Instructions to follow: Transcribe the listing below word for word but skip its images.

Dataset section:
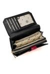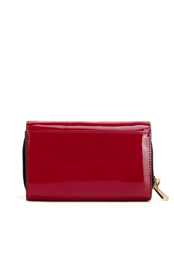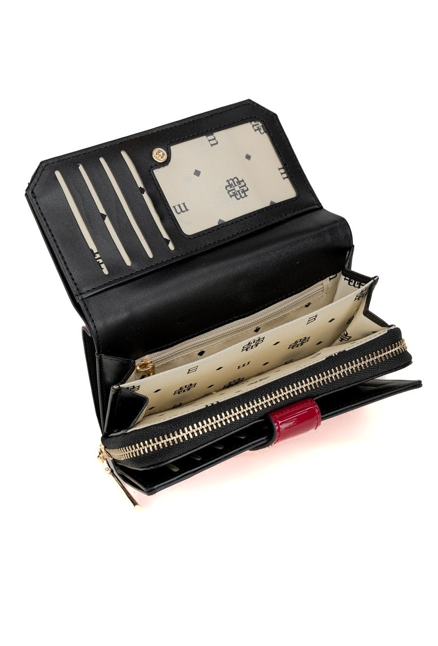 Portfel damski o wymiarach 16 cm x 10 cm x 4 cm, z klapą zapinaną na napę. Wnętrze portfela oferuje liczne przegródki oraz miejsca na karty i banknoty, a także kieszonkę zapinaną na suwak. Dodatkowym atutem jest miejsce na zdjęcie.
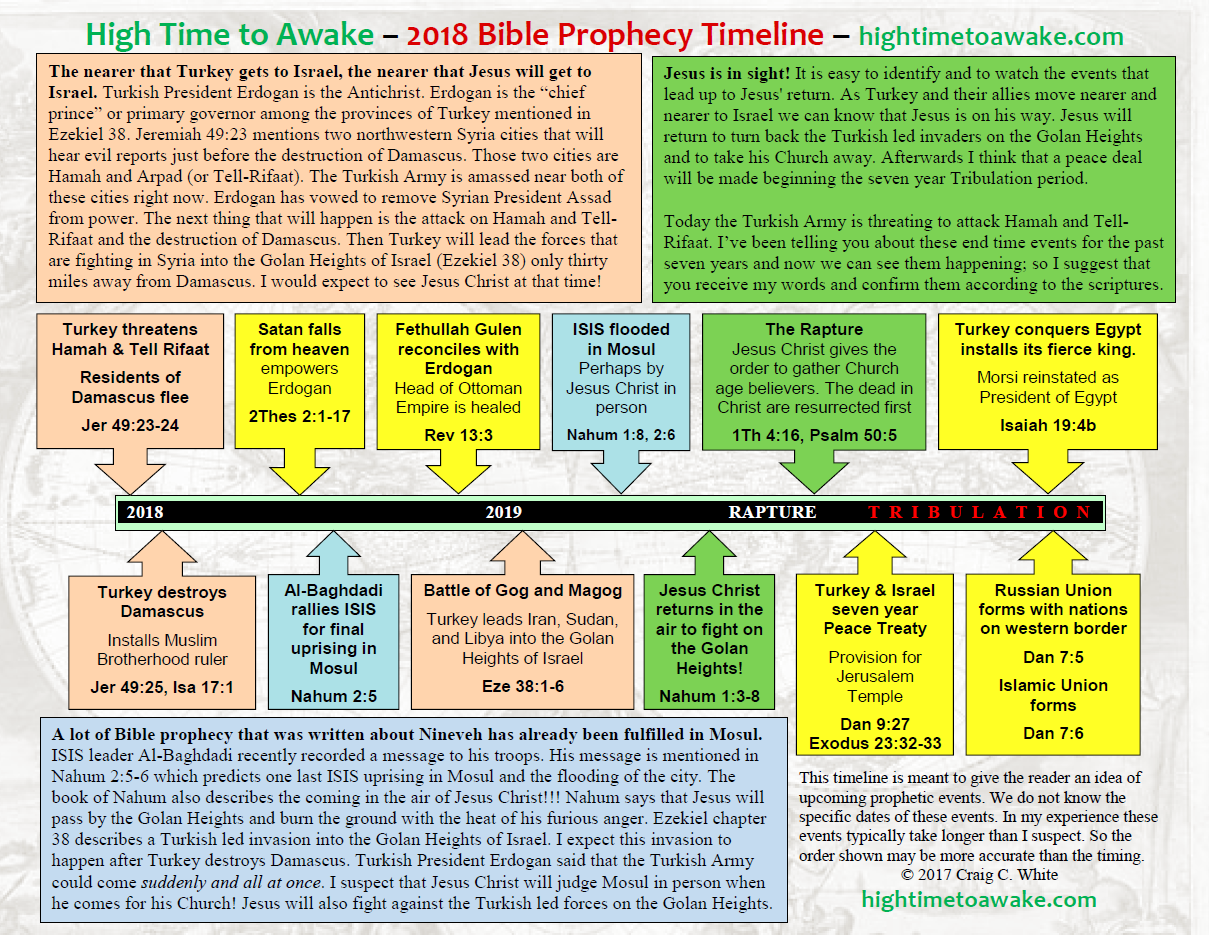 2018 is upon us and end time Bible prophecy is becoming clearer and clearer to see. Every year I tell you that these end time events typically take longer than I suspect to come to pass. Now it seems that Bible events are cued up and ready to begin in earnest. I think that Jesus will return within the next couple of years.
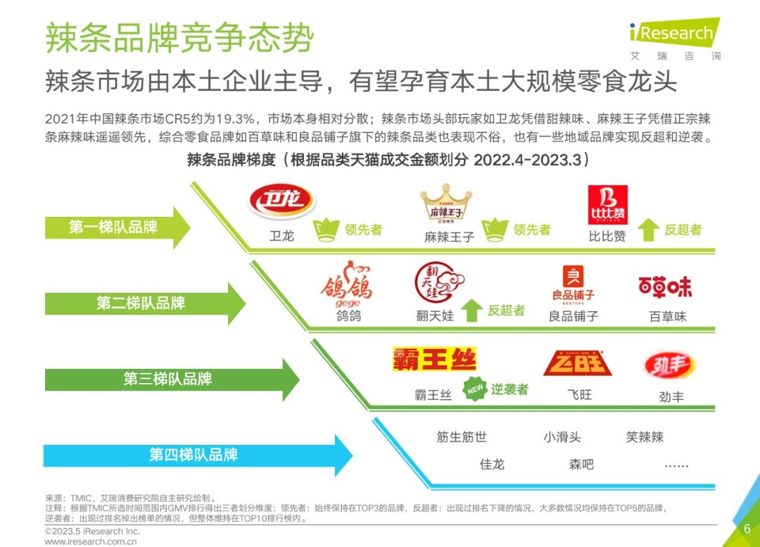 數據顯示,2021年中國辣條市場CR5約為19.3%,市場本身相對分散,辣條市場頭部玩家如衞龍憑藉甜辣味、麻辣王子憑藉正宗麻辣味遙遙領先,綜合零食品牌如百草味和良品鋪子旗下的辣條品類也表現不俗。

Response below:
 Portfel damski o wymiarach 16 cm x 10 cm x 4 cm, z klapą zapinaną na napę. Wnętrze portfela oferuje liczne przegródki oraz miejsca na karty i banknoty, a także kieszonkę zapinaną na suwak. Dodatkowym atutem jest miejsce na zdjęcie.
 2018 is upon us and end time Bible prophecy is becoming clearer and clearer to see. Every year I tell you that these end time events typically take longer than I suspect to come to pass. Now it seems that Bible events are cued up and ready to begin in earnest. I think that Jesus will return within the next couple of years.
 數據顯示,2021年中國辣條市場CR5約為19.3%,市場本身相對分散,辣條市場頭部玩家如衞龍憑藉甜辣味、麻辣王子憑藉正宗麻辣味遙遙領先,綜合零食品牌如百草味和良品鋪子旗下的辣條品類也表現不俗。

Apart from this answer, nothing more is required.